Ahmed and Justice Md. Rezaul Haque granted anticipatory bail to Bangladesh Nationalist Party politician Mirza Abbas and his wife Afroja Abbas on 19 November 2018 in three cases over violence and attacking Bangladesh Police personnel in Nayapaltan filed on 14 November.

In January 2019, Ahmed and Justice Rezaul Haque granted bail to Barrister Mainul Hosein in 11 defamation cases filed over his remarks on journalist Masuda Bhatti on a television talk show.

In March 2022, Ahmed and Justice Kazi Zinat Hoque questioned why the action should not be taken against the officer in charge of Banani Police Station for not registering the name of a suspect in a hit and run case following a petition by ZI Khan Panna. The suspect was the son of a High Court Division Judge.
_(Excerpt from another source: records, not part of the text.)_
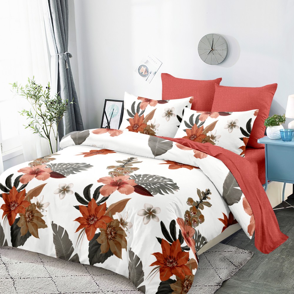 Lenjerie Pat Dublu, FINET, 6 piese, Alb, Caramiziu, Flori, Frunze, Super Design Pucioasa, cod produs: SDP-FNC-737
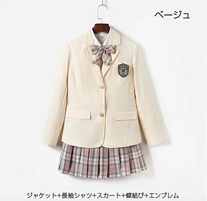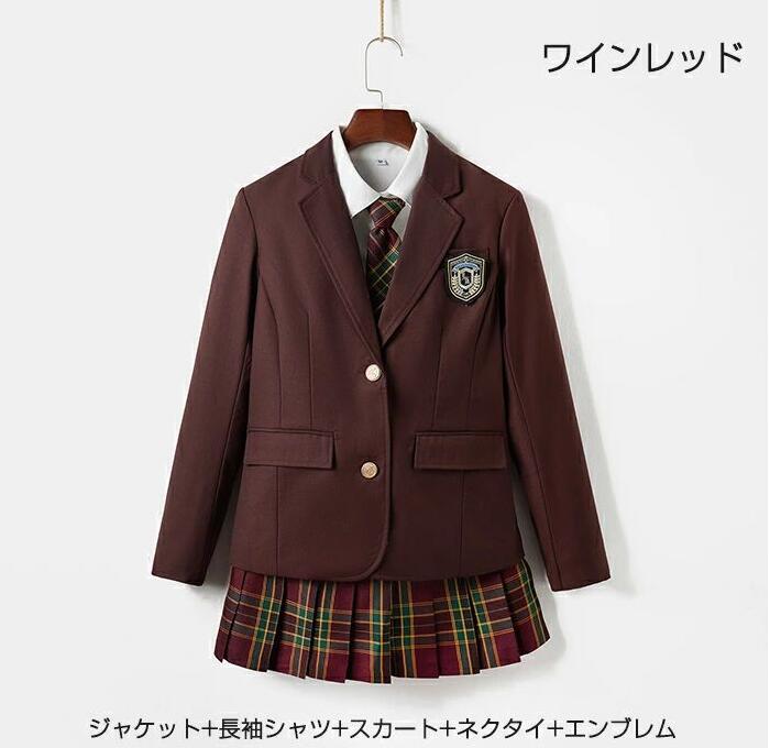 5色 卒業式 スーツ 女の子 制服 卒服 小学生 なんちゃって制服 5点セット ブレザー 小学校女子 入学式 フォーマルスーツ中学生 高校生 ピアノ発表会 シャツ チェック柄スカ 大きいサイズ
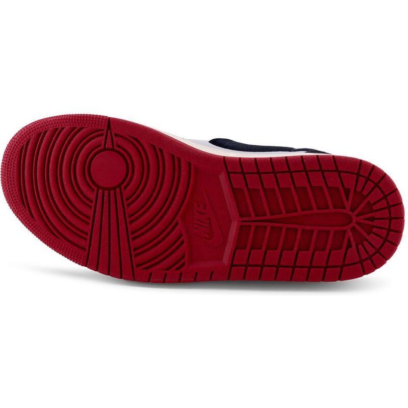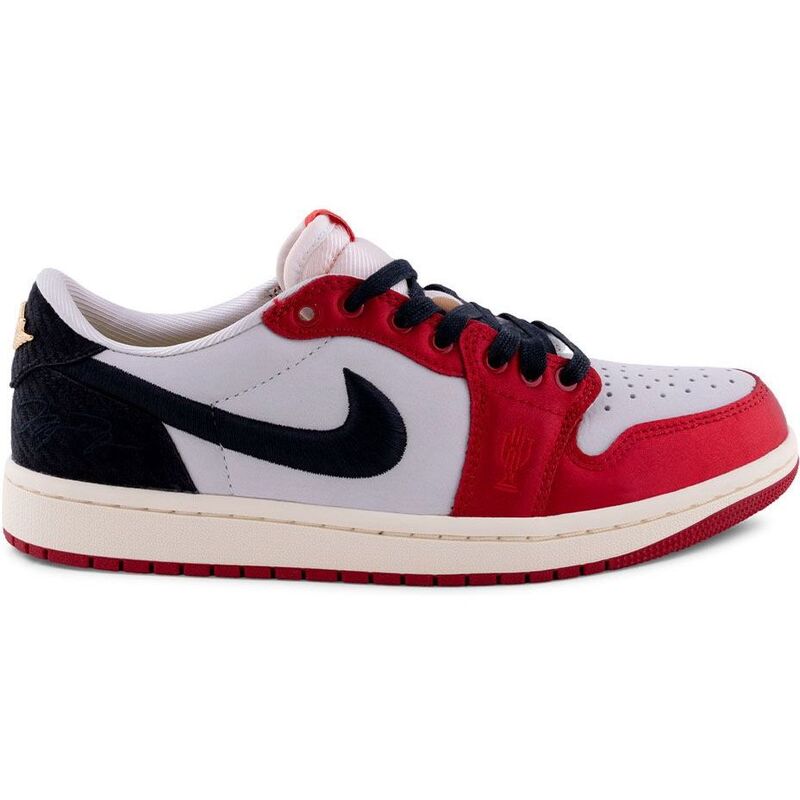 REF: FN0432100 - These sneakers offer a luxurious twist on the classic ‘Black Toe’ AJ1. The white leather upper features a black embroidered Swoosh and a red satiny textile forefoot overlay with a tonal Trophy Room logo, with a woven Nike tag and a metallic gold Wings logo. The vintage off-white midsole sits elegantly atop a crimson rubber outsole.
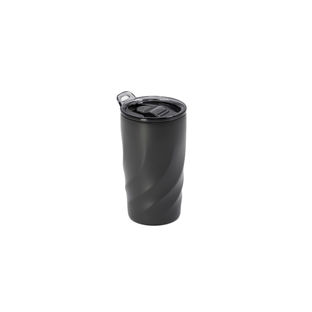 A Vortex Calix Ceramica utazóbögre újrahasznosított rozsdamentes acélból készült, kerámia bevonattal, melyben ötvöződik az öko-luxus és a funkcionalitás. Kerámia belseje a legtisztább ízeket biztosítja a kávé és a tea számára, miközben szagtalan, tartós és könnyen tisztítható. A 400 ml-es pohár egyszerre kínál minőséget és környezettudatosságot. A csavarozható, szivárgásmentes fedél habzó vagy buborékos italok számára is alkalmas, és a további kényelem érdekében vállpánttal is kiegészíthető. Tökéletes társ a környezettudatos egyének számára. Emblémázás: Gravírozás
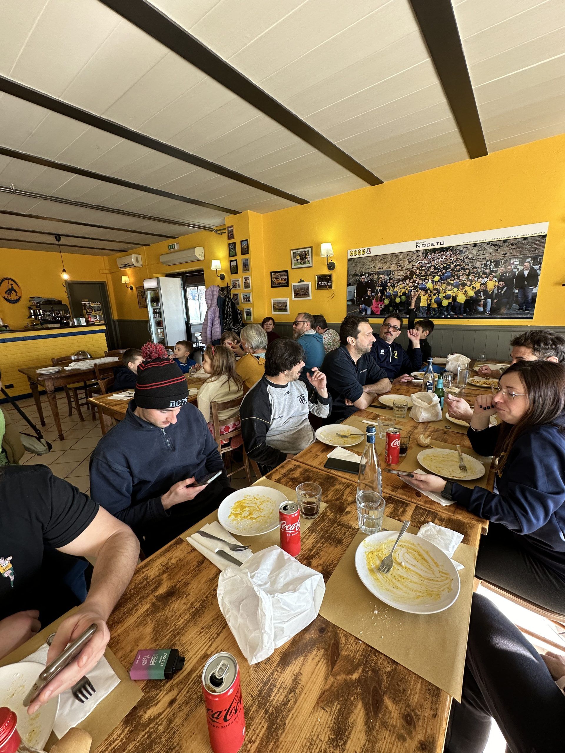 Al termine dei lavori terzo tempo con pastasciutta in cluhouse e poi tutti a tifare Italia.
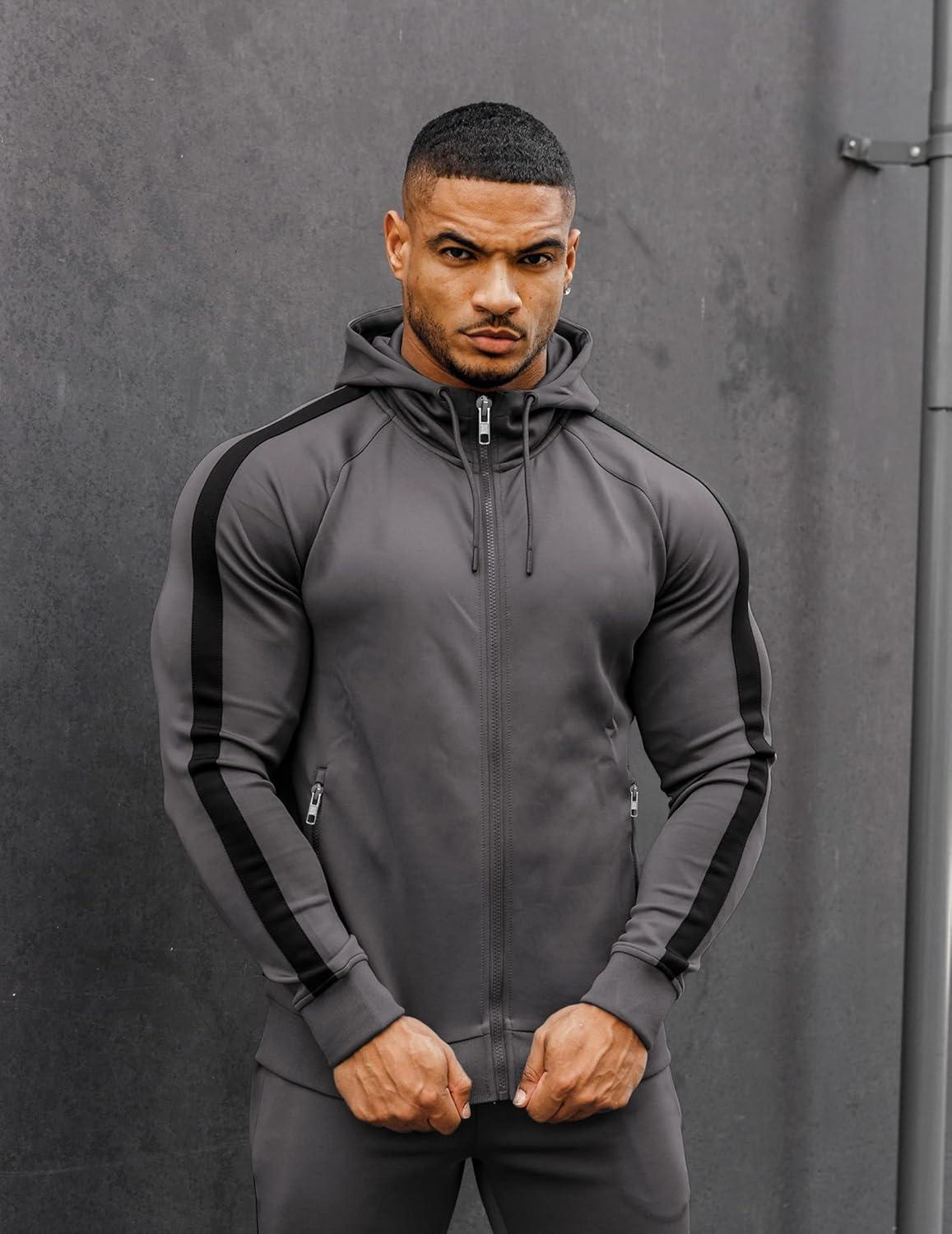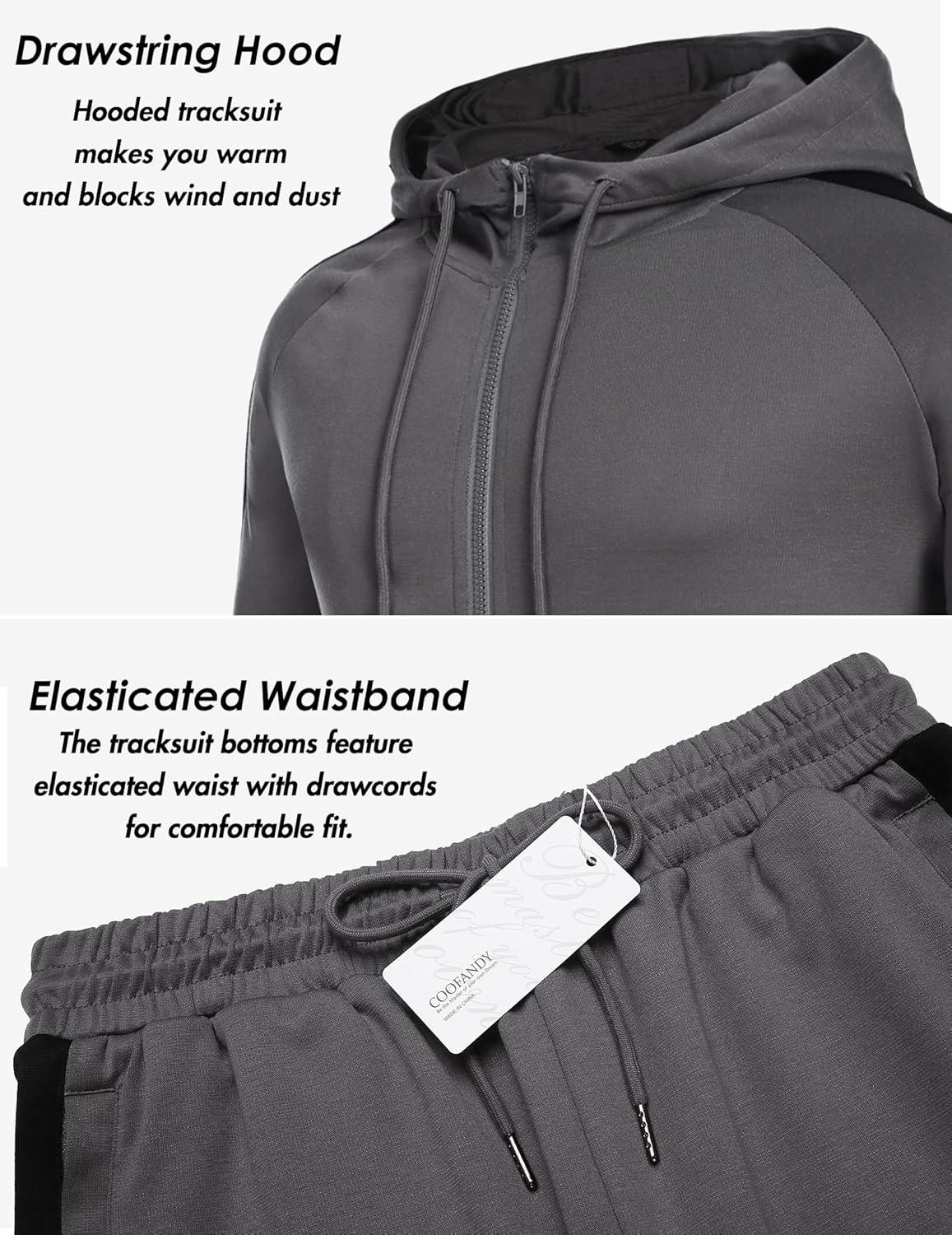COOFANDY Tracksuit Mens with Zipper Pockets Full Zip Hoodie Sweatsuit 2 Pieces Running Jogging Sports Casual Sweat Suits(Dark Grey Textile)
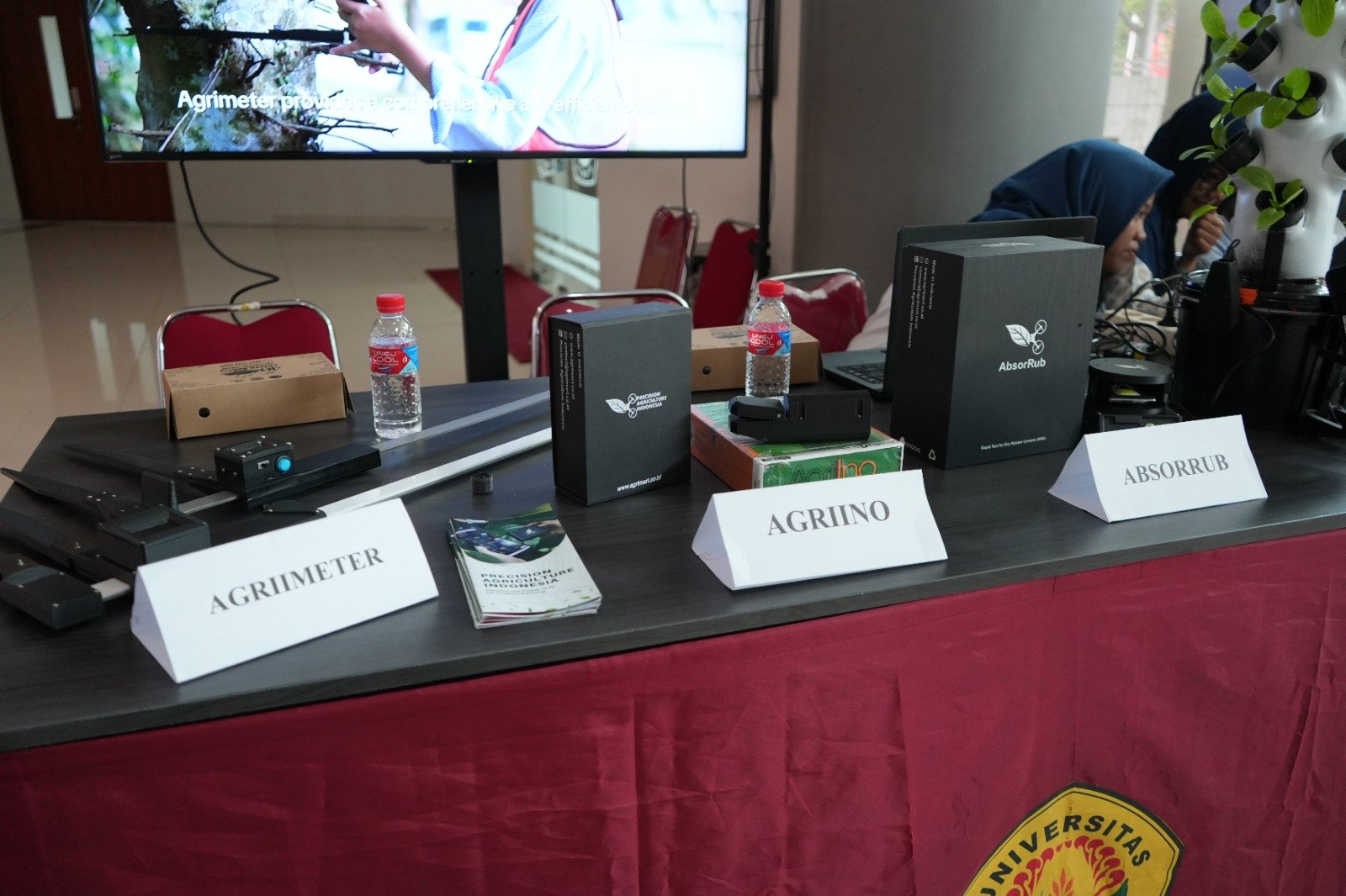 Inisiatif ini dikemas melalui pameran yang menampilkan total 12 produk, menyoroti riset solusi Smart Farm nyata hasil kolaborasi dengan Precision Agriculture Indonesia, sebuah perusahaan rintisan (start-up) yang didirikan oleh inventor internal UNEJ Prof. Bayu Taruna.
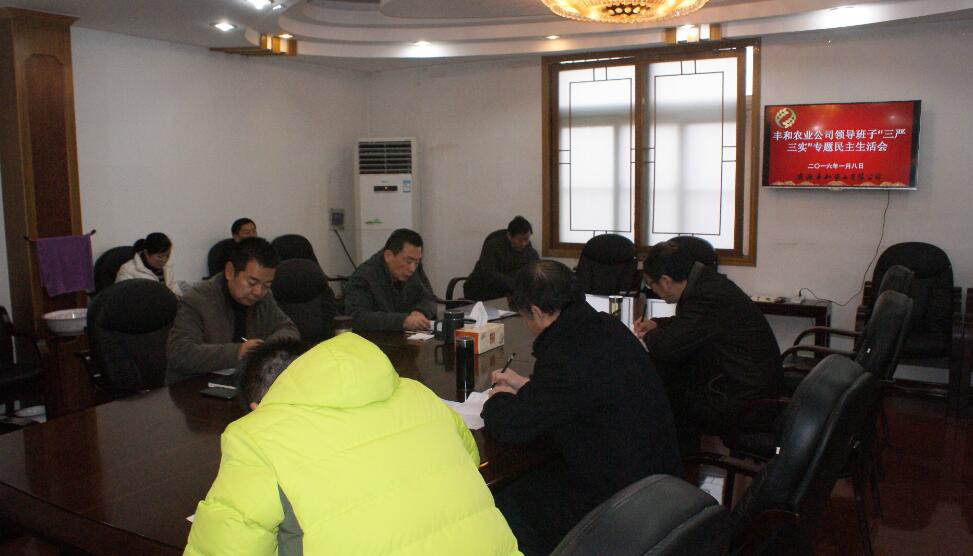 1月8日上午,丰和农业公司在三楼会议室召开了“三严三实”专题民主生活会。公司领导班子成员、各部室负责人参加了会议。领导班子成员结合自身实际,紧扣“三严三实”主题,认真查摆自身在“修身做人、用权律己、干事创业”等方面存在的主要问题,深刻剖析问题产生的原因,开展批评与自我批评,明确下一步整改措施。
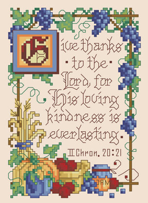 Designed by: Sandy Orton. This scripture excerpt, which speaks of the Lords loving kindness, is depicted in a gorgeous design by Sandy Orton. The border has a bountiful harvest feel of classic illuminated style reminiscent of a storybook design.\n

Ahmed and Justice Mohammed Akhtaruzzaman squashed an order of the administration at the University of Dhaka demoting Professor Samia Rahman for plagiarism on 4 August 2022. On 18 October, Ahmed and Justice Md Akhtaruzzaman asked the government of Bangladesh to explain why the reconstitution of the board of trustees of Manarat International University, a private university, should not be declared illegal after Prof AKM Fazlul Haque, previous board of trustee member at Manarat International University, filed an appeal against the government move. The government made the mayor of North Dhaka and Awami League politician Atiqul Islam the new chairman of the board of trustees of Manarat International University. Ahmed and Justice Md Akhtaruzzaman declared illegal the decision of Jahangirnagar University to suspend two students for assaulting another student in November.